To do:
Reproduce exactly, and only, the lines of the material below running from the line bearing "Καλησπέρα. Χθες έκανα" through the line bearing "Join industry leaders". Leave any pictures out.

Exercise inputs:

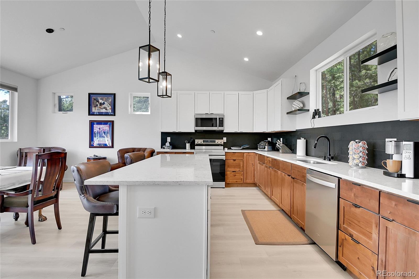 Beautifully crafted custom home on 2 private acres in the highly sought-after Lions Head Ranch subdivision. This 3-bedroom, 3-bath residence features quality construction and high-end finishes throughout, offering the perfect balance of comfort and mountain living. Enjoy stunning mountain views from the main-level deck, ideal for relaxing or entertaining while surrounded by Colorado’s natural beauty. The thoughtfully designed lower level includes two bedrooms, a full bath, and a spacious family room, creating an ideal setup for guests, multi-generational living, or a private retreat. Nestled in the scenic foothills of Pine, just southwest of Denver, this home offers the tranquility of mountain living with convenient access to city amenities. A perfect opportunity for a full-time residence or peaceful mountain getaway.
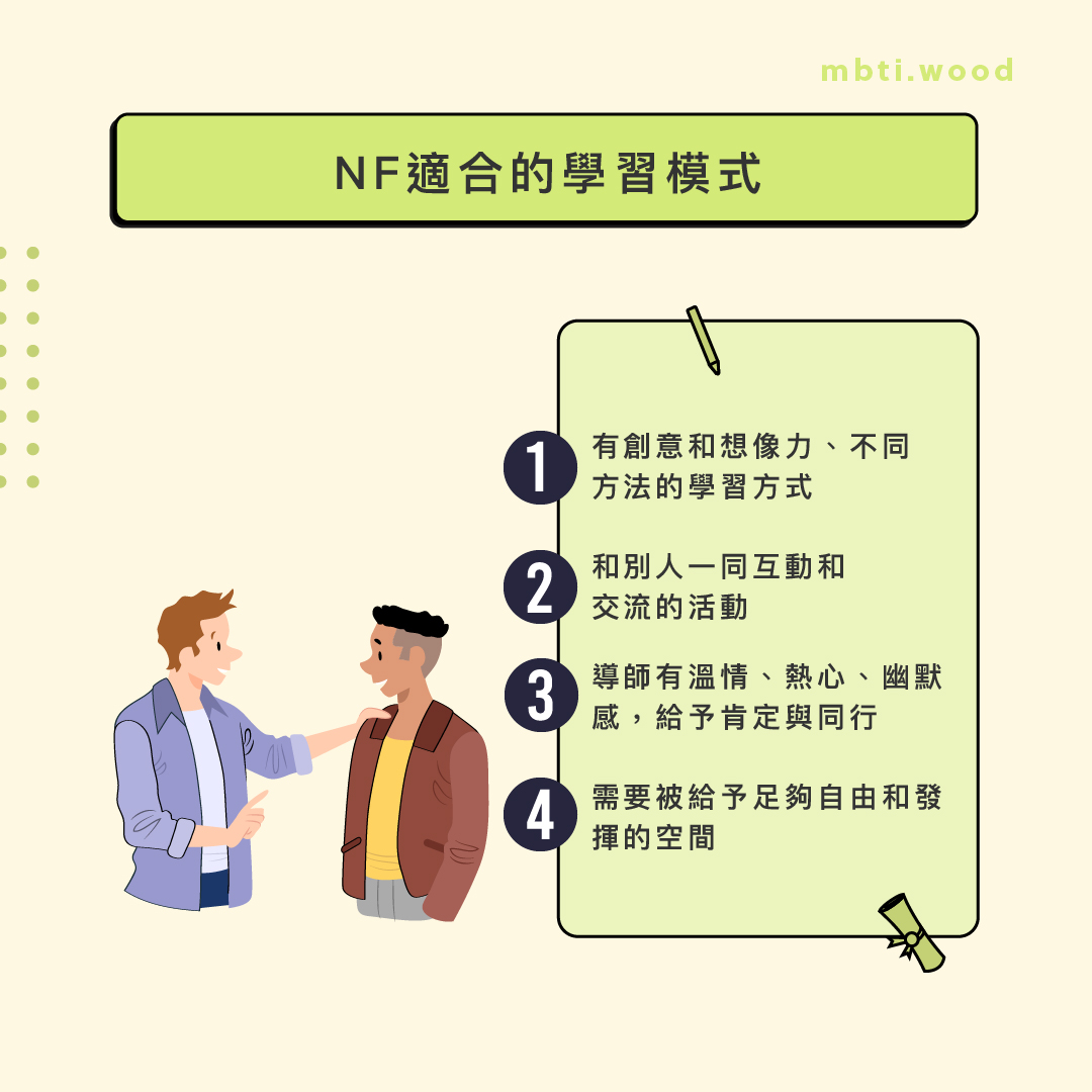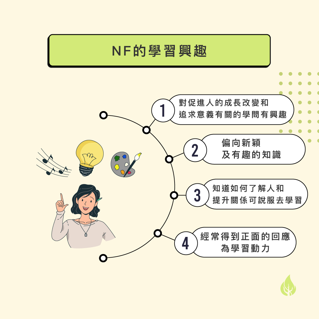 【 NF的學習興趣 】 - 對促進人的成長改變和追求意義有關的學問有興趣 - 偏向新穎及有趣的知識 - 知道如何了解人和提升關係可說服去學習 - 經常得到正面的回應為學習動力 【 NF的學習模式 】 - 有創意和想像力、不同方法的學習方式 - 和別人一同互動和交流的活動 - 導師有溫情,熱心,幽默感,給予肯定與同行 - 需要被給予足夠自由和發揮的空間 【INFJ的學習模式】 突出的學習特質:高度掌握概念和意義的學習者 學習環境:
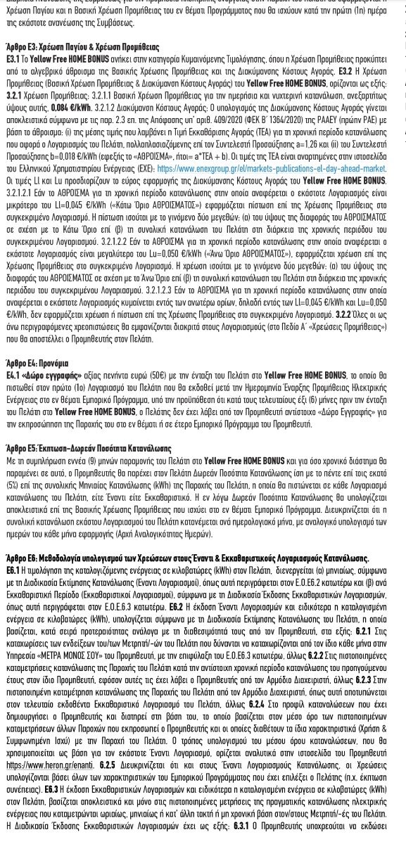 Καλησπέρα. Χθες έκανα e-contract στον ΗΡΩΝ για το καινούριο πρόγραμμα το Yellow free home. Πριν λίγο μου στέλνουν τη σύμβαση και με πήρανε τηλέφωνο για να πουν το ποίημα. Διαβάζω τη σύμβαση πριν την υπογράψω μέσω gov και βλέπω μια περίεργη παράγραφο (άρθρο Ε4 στους ειδικούς όρους). Πριν πάρω τηλέφωνο για διευκρινήσεις, είπα να το μοιραστώ εδώ μήπως προλάβω κανέναν που είναι σε φάση υπογραφής.
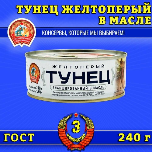 Тунец желтоперый бланшированный в масле ГОСТ Сохраним традиции, 3 шт по 240 г
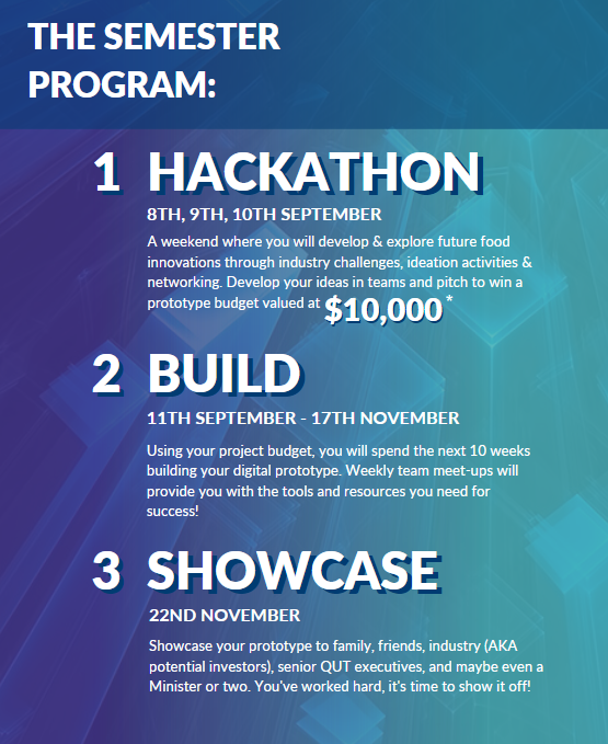 Join industry leaders and design thinking experts to explore how technology might unlock sustainable supply chains for future food. Develop your ideas, and pitch to win a project budget of $10,000 at the QUT Youth Research Forum Hackathon. The Youth Research Forum kicks off with a weekend Hackathon on 8th, 9th & 10th of September, and concludes with an industry showcase on 22nd November 2023*.
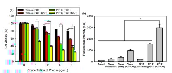 Even though the PDT is an important noninvasive therapeutic modality in cancer therapy, it also exhibits adverse side effects, such as phototoxic damage to healthy normal tissues and an unsatisfactory therapeutic efficacy by insufficient ROS generation [12,14,16]. We tried using the combination of PDT with CAP therapy to enhance the therapeutic efficacy on cervical cancer and solve the abovementioned problems. As expected, the CaSki cell viability was significantly reduced by the combination of PDT with CAP treatment at all tested concentrations of free Pheo a and PPHE, indicating that the PDT/CAP combinatory treatment effectively inhibited the cell proliferation in a dose-dependent manner (Figure 4a). The cell viability after the PDT treatment with free Pheo a decreased from 80 to 60% by subsequent CAP treatment. Lower cell viability (53 and 40%) was also achieved, even at low PPHE concentrations of 1 and 2 μg/mL. In other words, the PDT/CAP combinatory modality could more effectively kill cancer cells.
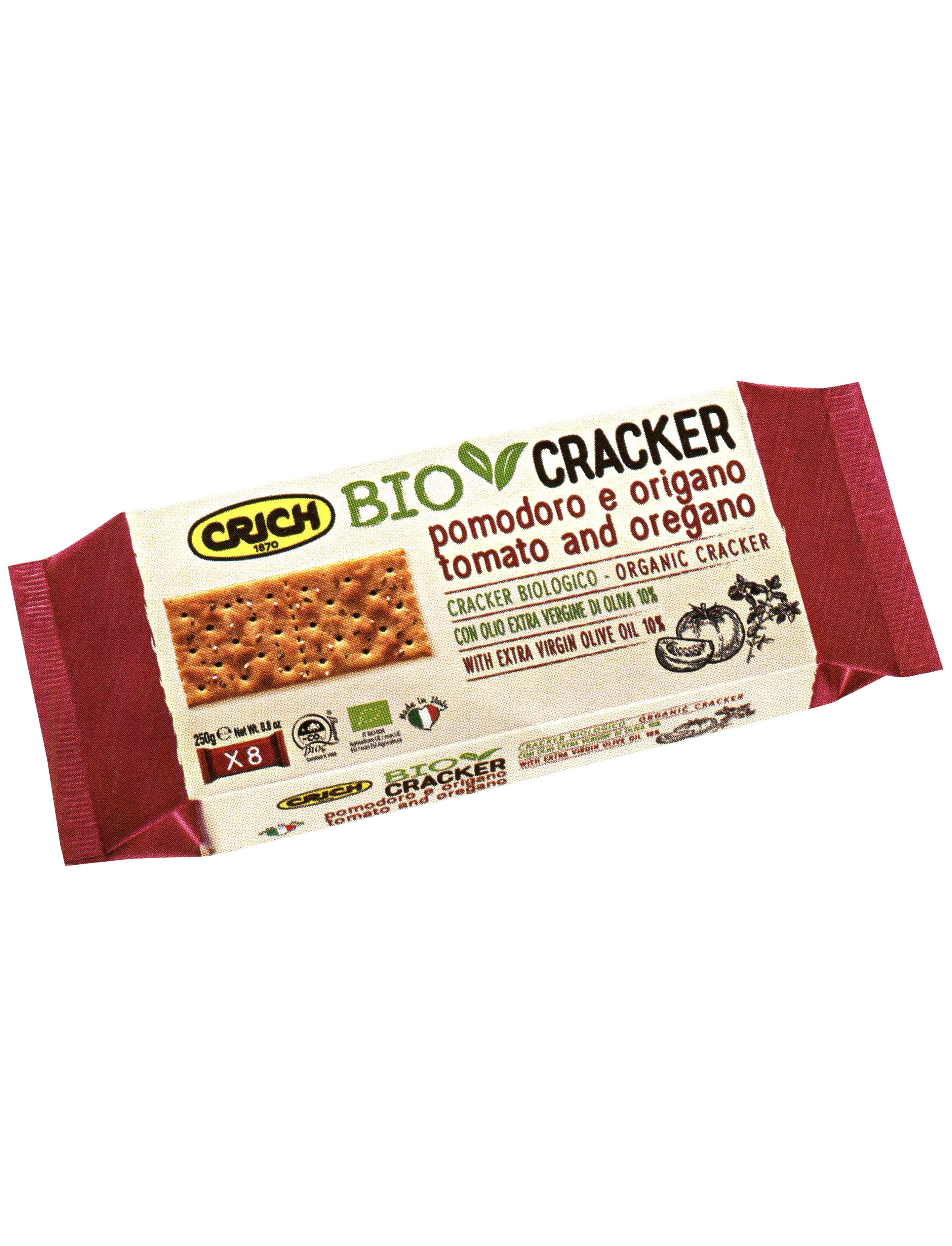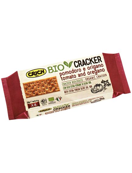 Склад: *пшеничне борошно 83%, *оливкова олія першого віджиму 9,9%, *томатний порошок 1,9%, сіль, регулятор кислотності: гідрокарбонат натрію, *маточні дріжджі 0,3%, *ячмінне борошно з солодом, *орегано 0,3%, *пивні дріжджі, антиоксидант: *екстракти розмарину. *Органічний інгредієнт.

Task result:
 Καλησπέρα. Χθες έκανα e-contract στον ΗΡΩΝ για το καινούριο πρόγραμμα το Yellow free home. Πριν λίγο μου στέλνουν τη σύμβαση και με πήρανε τηλέφωνο για να πουν το ποίημα. Διαβάζω τη σύμβαση πριν την υπογράψω μέσω gov και βλέπω μια περίεργη παράγραφο (άρθρο Ε4 στους ειδικούς όρους). Πριν πάρω τηλέφωνο για διευκρινήσεις, είπα να το μοιραστώ εδώ μήπως προλάβω κανέναν που είναι σε φάση υπογραφής.
 Тунец желтоперый бланшированный в масле ГОСТ Сохраним традиции, 3 шт по 240 г
 Join industry leaders and design thinking experts to explore how technology might unlock sustainable supply chains for future food. Develop your ideas, and pitch to win a project budget of $10,000 at the QUT Youth Research Forum Hackathon. The Youth Research Forum kicks off with a weekend Hackathon on 8th, 9th & 10th of September, and concludes with an industry showcase on 22nd November 2023*.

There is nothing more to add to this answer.